# Introduction to R - Part 3
In this final par of Introduction to R we will look at in-depth data analysis and reporting techniques. We will cover:  
1. Performing statistical analysis on data frames
2. Plotting data
3. Reporting findings

## 1. Performing statistical analysis on data frames
R has functions for most statistical measures.
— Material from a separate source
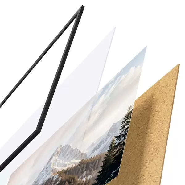 Plakāts sastāv no rāmja, pleksstikla, iespiestā attēla un skaidu plātnes pamatnes. Plakātu var uzreiz piekarināt pie sienas, pateicoties aizmugurē esošajiem stiprinājumiem.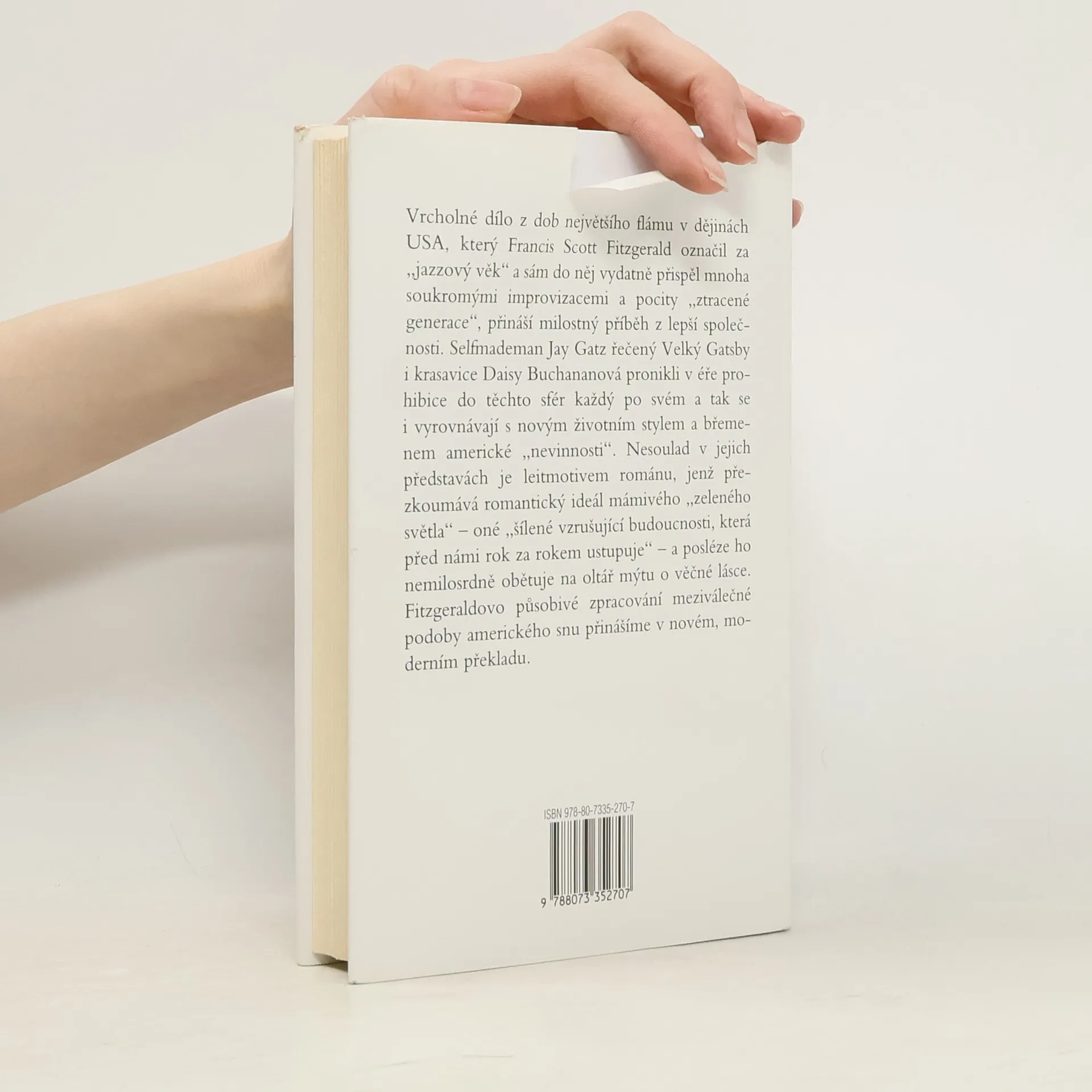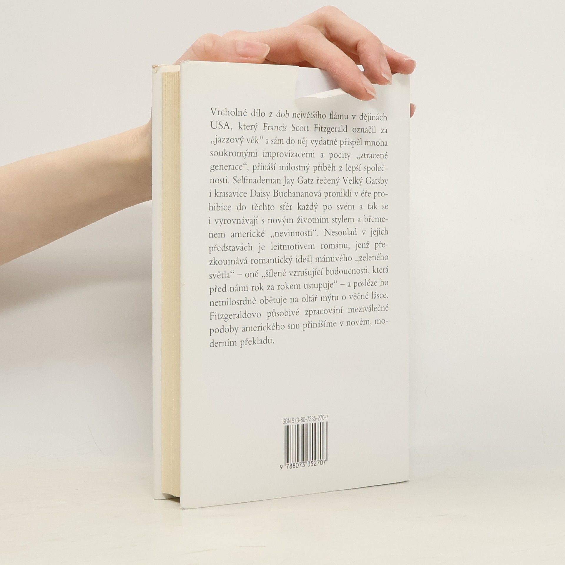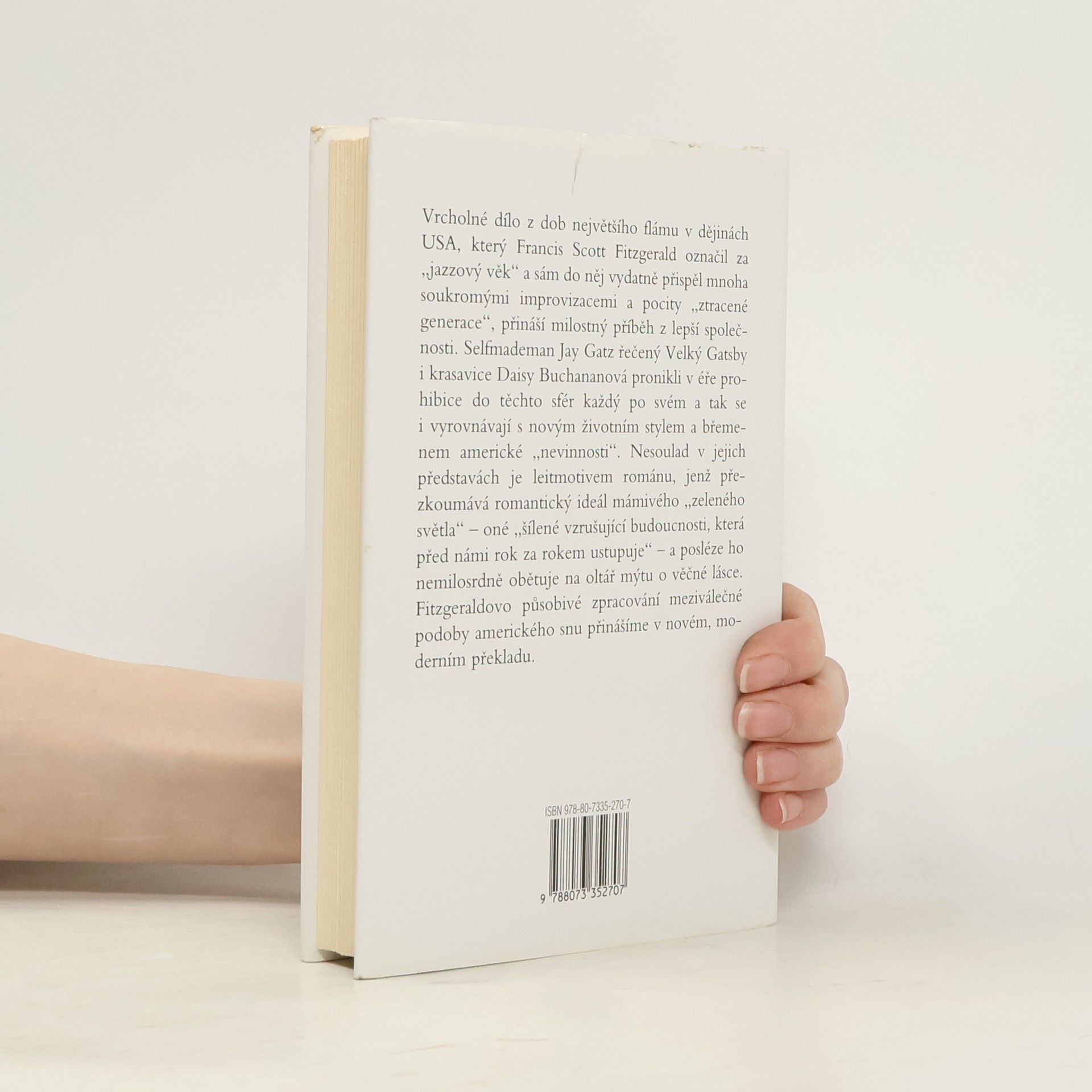 Vrcholné dílo z dob největšího flámu v dějinách USA, který Francis Scott Fitzgerald označil za „jazzový věk“ a sám do něj vydatně přispěl mnoha soukromými improvizacemi a pocity „ztracené generace“, přináší milostný příběh z lepší společnosti. Selfmademan Jay Gatz řečený Velký Gatsby i krasavice Daisy Buchananová však v éře prohibice do těchto sfér pronikli každý po svém a podobně se vyrovnávají i s novým životním stylem a břemenem americké „nevinnosti“. Nesoulad v jejich představách je leitmotivem románu, jenž přezkoumává romantický ideál mámivého „zeleného světla“ - oné „budoucnosti, jež před námi rok od roku ustupuje“ - a posléze ho nemilosrdně obětuje na oltář mýtu o věčné lásce. Fitzgeraldovo působivé zpracování meziválečné podoby amerického snu je v této edici doplněno nedokončeným románem Poslední magnát, ve kterém se téma hledání, úpadku a pádu rozvíjí v atraktivních kulisách hollywoodských filmových ateliérů.

We'll illustrate some of these using the NAFLD data set.

In [37]:
nafldDataset <- read.csv("nafld_dataset2.csv")

# Let's compute the mean age in the patient group and the corresponding standard deviation
mean(nafldDataset$age)
sd(nafldDataset$age)

# Now let's compute the median and IQR of age
median(nafldDataset$age)
IQR(nafldDataset$age)

Let's now look at the mean and 95% confidence interval of the mean of patients' heights. We know that 95% confidence intervals can be estimated as: $$\overline{x} \pm t_{0.05, n-1}\frac{s}{\sqrt{n}}$$ where $n$ is the number of observations, $t_{0.05, n-1}$ is the two-tailed 5% t-value with $n-1$ degrees of freedom, $s$ is the standard devaition and $\overline{x}$ is the mean of the observations.

In [45]:
# We need to load the stats library for this contains functions related to the t-distribution.
library(stats)

m <- mean(nafldDataset$height, na.rm=TRUE)
s <- sd(nafldDataset$height, na.rm=TRUE)
n <- sum(!is.na(nafldDataset$height))

# Calculate 95% confidence intervals of the mean height
lower <- m - qt(1 - 0.05/2, n - 1) * s / sqrt(n)
upper <- m + qt(1 - 0.05/2, n - 1) * s / sqrt(n)
print(cat(c(lower, m, upper, "\n")))

1.62336012932764 1.64513513513514 1.66691014094263 
NULL


__Q__: Writing two extra lines all the time to calculate cofidence intervals is tedious and boring. Write a function that takes the mean, standard deviation and number of observation and returns a vector with two elements: the lower and upper boundary of the 95% confidence interval.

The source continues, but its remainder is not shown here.